Public Service Loan Forgiveness (PSLF)

PSLF is the most generous federal forgiveness program. After making 120 qualifying monthly payments (10 years) while working full-time for a qualifying employer, your remaining federal Direct Loan balance is completely forgiven — tax-free, with no cap on the forgiven amount. Qualifying employers include federal, state, local, and tribal government agencies, 501(c)(3) nonprofits, AmeriCorps, Peace Corps, and the military. The Department of Education has approved over 946,000 borrowers for PSLF as of 2024, forgiving more than $69 billion. The average forgiveness amount is approximately $73,000.

PSLF Requirements and Common Pitfalls

To qualify for PSLF, you may want to meet all four requirements simultaneously for each of your 120 qualifying payments: have eligible loans (Direct Loans only — FFEL and Perkins must be consolidated), work full-time for a qualifying employer (at least 30 hours/week), be enrolled in an income-driven repayment plan (SAVE, PAYE, IBR, or ICR), and make on-time monthly payments. Common mistakes include not consolidating older FFEL loans, not submitting the annual Employment Certification Form, being on the wrong repayment plan (Standard 10-year payments technically qualify but result in zero forgiveness since the loan is paid off at 10 years), and not tracking qualifying payments through the PSLF Help Tool at studentaid.gov.

Income-Driven Repayment Plans Compared

Four IDR plans are available, each with different terms. The SAVE Plan (Saving on a Valuable Education): payments are 5% of discretionary income for undergrad loans, 10% for graduate, with discretionary income defined as income above 225% of the poverty level.
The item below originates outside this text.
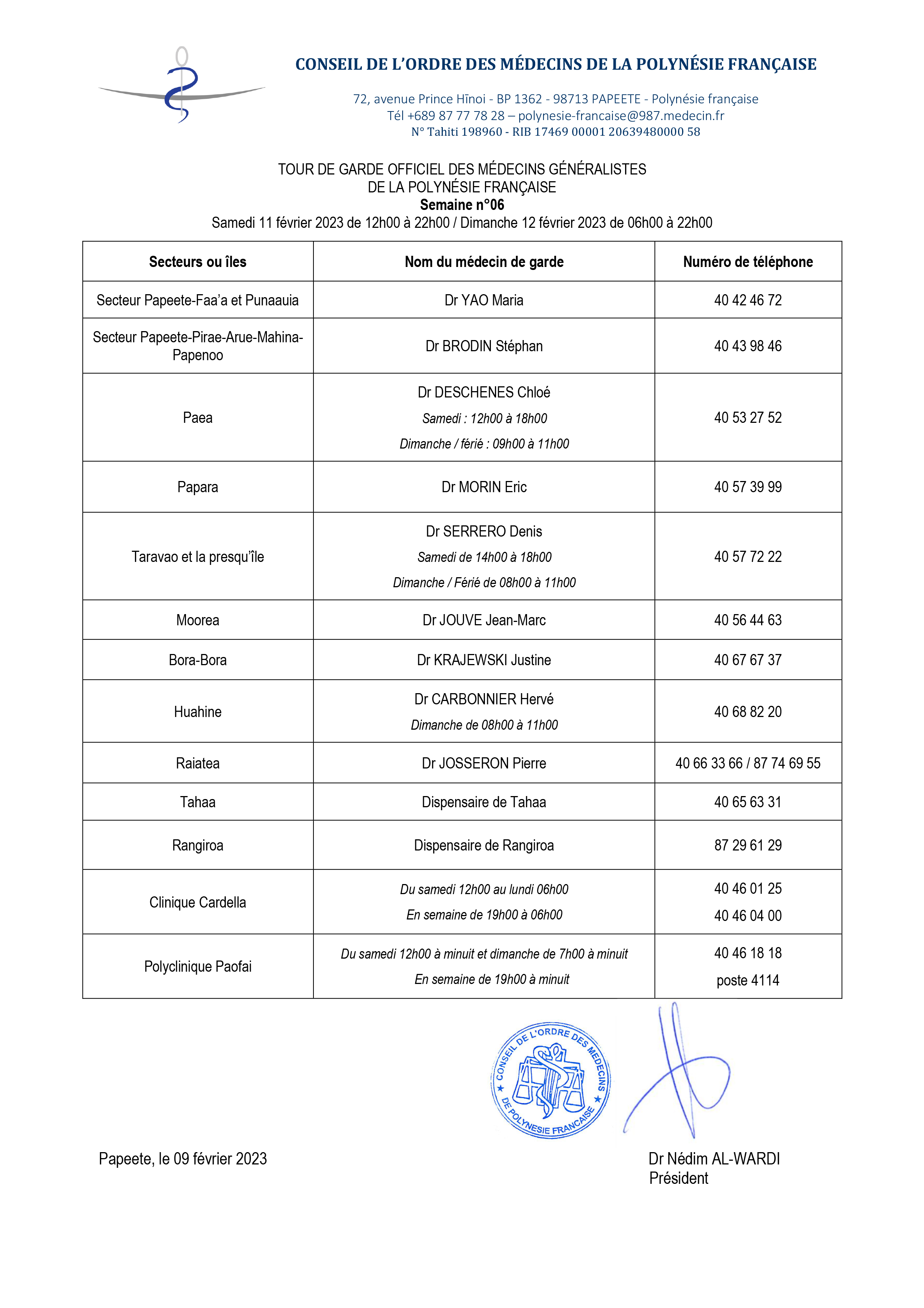 Auae Faa'a assure également les urgences au 89 36 51 58

Forgiveness after 20 years (undergrad) or 25 years (graduate). Unpaid interest does not capitalize. The SAVE plan is generally the strong option for most borrowers. PAYE (Pay As You Earn): 10% of discretionary income above 150% of poverty. Forgiveness after 20 years. Only available to new borrowers after October 2007. IBR (Income-Based Repayment): 10% (new borrowers) or 15% (older borrowers) of discretionary income above 150% of poverty. Forgiveness after 20 or 25 years. ICR (Income-Contingent Repayment): 20% of discretionary income or the payment on a 12-year fixed plan, whichever is less. Forgiveness after 25 years. Generally the least favorable option.

When Forgiveness Makes Financial Sense

Forgiveness programs benefit borrowers whose debt is high relative to their income. As a rule of thumb: if your total student loan balance exceeds your annual income, an IDR plan with forgiveness will likely cost less than standard repayment. A teacher earning $50,000 with $80,000 in loans would pay roughly $165/month under SAVE, totaling about $39,600 over 20 years before the remaining balance (potentially $60,000+) is forgiven. Under standard repayment, that same borrower pays $920/month totaling $110,400. The forgiveness route saves over $70,000. PSLF is even better: the same teacher at a public school would pay only $19,800 over 10 years before forgiveness.

The Tax Bomb Question

Under current law, PSLF forgiveness is permanently tax-free. IDR forgiveness is temporarily tax-free through at least 2025 under the American Rescue Plan Act. If that provision expires, forgiven amounts under IDR would be treated as taxable income. A borrower with $60,000 forgiven in the 22% tax bracket would owe approximately $13,200 in federal taxes. This"tax bomb" can be planned for by setting aside money in a savings account or investment account during the forgiveness timeline. Some financial planners recommend saving $50-100/month in anticipation. Even with the tax, IDR forgiveness is usually still cheaper than paying the full loan balance.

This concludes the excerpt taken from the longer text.